Step S13: determining the pixel value of the current pixel point in the original image at the next moment according to the parameters; and the current pixel points are pixel points in the original image traversed currently.

Specifically, each pixel point of the original image is traversed, and the currently traversed pixel point is used as the current pixel point. And according to a preset rule, carrying out reassignment on the pixel value of each traversed pixel point. For example, a new pixel value may be assigned to each pixel point, or a mapping change (e.g., horizontal transformation) is performed on each pixel point of the original image to obtain a new pixel value corresponding to each pixel point.

Step S14: and when the time reaches the next moment, displaying the water ripple image according to the pixel value of each pixel point in the original image at the next moment.

In this embodiment, on the basis of the original image, the pixel value of the next moment of the current pixel point in the original image is determined according to the parameter for controlling the water ripple, and when the time reaches the next moment, the water ripple image is displayed according to the pixel value of the next moment of each pixel point in the original image, so that the water ripple image can be realized in real time in an environment with strong interactivity.

In an alternative embodiment, the parameters are shock intensity, diffusion velocity and period; correspondingly, step S13 specifically includes:

step S131: and calculating the distance between the current pixel point in the original image and the center point of the water ripple arranged on the screen of the terminal equipment.

Specifically, a center point of the water ripple is set on the screen of the terminal device in advance, and the center point can be at any position of the screen of the terminal device. First, the coordinates of the current pixel point and the center point are determined, for example, the coordinates of the current pixel point are (Cx, Cy), the coordinates of the center point are (x, y), and the distance between the current pixel point and the center point can be calculated as (Cx, Cy), and the distance between the current pixel point and the center point can be calculated as

Step S132: and determining the pixel value of the current pixel point at the next moment according to the vibration intensity, the diffusion speed, the period parameter and the distance.

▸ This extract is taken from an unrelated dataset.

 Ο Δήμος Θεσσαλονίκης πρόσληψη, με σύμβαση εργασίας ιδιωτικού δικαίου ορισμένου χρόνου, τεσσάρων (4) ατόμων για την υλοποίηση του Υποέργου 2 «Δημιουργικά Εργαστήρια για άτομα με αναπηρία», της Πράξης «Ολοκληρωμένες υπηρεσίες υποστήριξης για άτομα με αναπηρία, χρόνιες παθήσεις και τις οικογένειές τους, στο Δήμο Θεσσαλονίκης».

In an optional embodiment, step S132 specifically includes:

step S1321: and determining the ripple amplitude of the current pixel point according to the vibration intensity, the diffusion speed, the period parameter and the distance.

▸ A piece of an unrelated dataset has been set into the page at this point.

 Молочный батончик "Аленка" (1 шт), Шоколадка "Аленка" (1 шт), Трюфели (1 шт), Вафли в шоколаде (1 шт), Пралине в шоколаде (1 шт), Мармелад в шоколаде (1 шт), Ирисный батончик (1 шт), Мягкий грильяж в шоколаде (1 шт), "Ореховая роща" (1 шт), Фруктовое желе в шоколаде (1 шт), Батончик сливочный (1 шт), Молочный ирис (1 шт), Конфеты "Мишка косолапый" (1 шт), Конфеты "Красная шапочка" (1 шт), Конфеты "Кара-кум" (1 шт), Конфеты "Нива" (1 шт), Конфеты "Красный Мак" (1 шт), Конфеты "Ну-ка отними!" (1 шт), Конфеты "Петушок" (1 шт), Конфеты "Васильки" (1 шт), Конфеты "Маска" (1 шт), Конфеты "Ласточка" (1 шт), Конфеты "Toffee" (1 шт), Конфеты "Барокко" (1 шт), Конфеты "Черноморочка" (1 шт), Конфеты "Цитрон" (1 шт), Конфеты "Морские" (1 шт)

Step S1322: determining a sampling point corresponding to the current pixel point at the next moment according to the ripple amplitude and the original position of the current pixel point; and the sampling points are pixel points on the original image.

Specifically, pixel values of pixel points in the original image are rearranged. For example, the current pixel point is (x, y), and the corresponding sampling point is (x)_new,y_new) And (x)_new,y_new) And are also pixels on the original image.

Step S1323: and determining the pixel value of the current pixel point at the next moment according to the sampling point.

In an optional embodiment, step S1323 specifically includes:

and taking the pixel value of the sampling point as the pixel value of the current pixel point at the next moment.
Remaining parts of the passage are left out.